> **EXERCISE DETAILS**
Copy nothing but the lines running from the one containing "2月11日,立讯精密(002" through the end of the listing below. Drop the pictures.

> **RECORDED DATA**

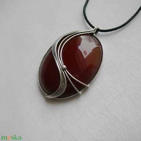 A medál Tiffany technikával készült karneol és ólommentes, ezüsttartalmú ón felhasználásával. A díszítés szintén saját készítésű, nem tartalmaz gyári elemeket. A fémrészt óezűstre patináztam, lekezeltem antioxidánssal és lelakkoztam, hogy sokáig szép maradjon.
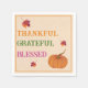 Erntedank Party Servietten in weißer Typografie "Dankbar, Dankbar, gesegnet" mit einem orangefarbenen Kürbis und Herbstlaub Detail. Aquarellbilder von mir gemalt!
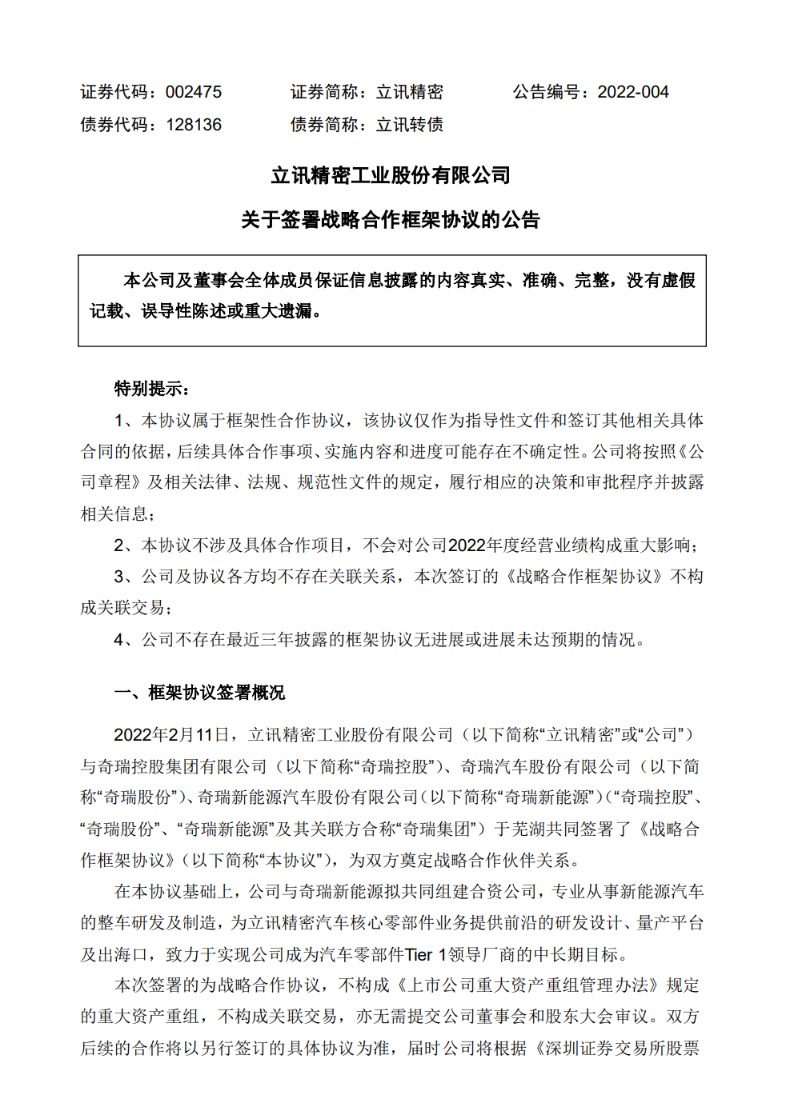 2月11日,立讯精密(002475.SZ)发布公告称,公司与奇瑞控股集团有限公司(以下简称奇瑞控股)、奇瑞汽车股份有限公司(以下简称奇瑞股份)、奇瑞新能源汽车股份有限公司(以下简称奇瑞新能源)于芜湖共同签署了《战略合作框架协议》(以下简称《协议》),正式成为战略合作伙伴关系。
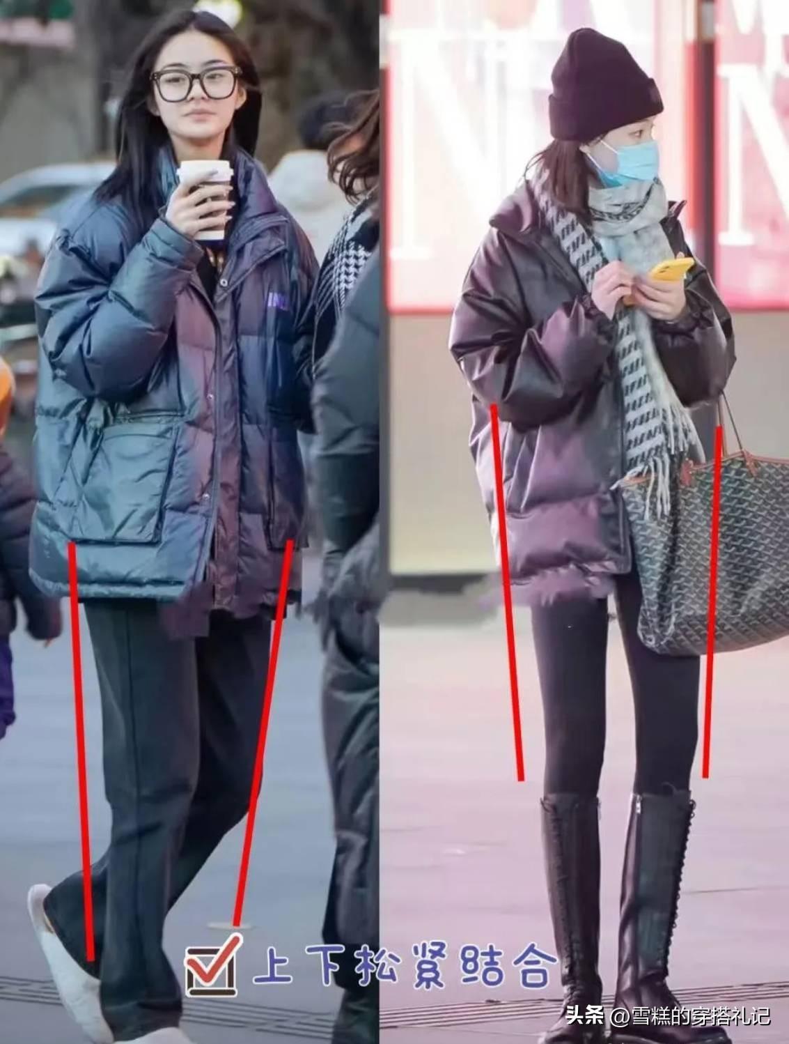羽絨服想要穿的好看,用對技巧是關鍵,蓬鬆感的遮臀羽絨服,很適合搭配“窄一點”的瑜伽褲、煙管褲、直筒褲,一鍵開啓“腿精模式”。

> **COMPLETED EXERCISE**
 2月11日,立讯精密(002475.SZ)发布公告称,公司与奇瑞控股集团有限公司(以下简称奇瑞控股)、奇瑞汽车股份有限公司(以下简称奇瑞股份)、奇瑞新能源汽车股份有限公司(以下简称奇瑞新能源)于芜湖共同签署了《战略合作框架协议》(以下简称《协议》),正式成为战略合作伙伴关系。
羽絨服想要穿的好看,用對技巧是關鍵,蓬鬆感的遮臀羽絨服,很適合搭配“窄一點”的瑜伽褲、煙管褲、直筒褲,一鍵開啓“腿精模式”。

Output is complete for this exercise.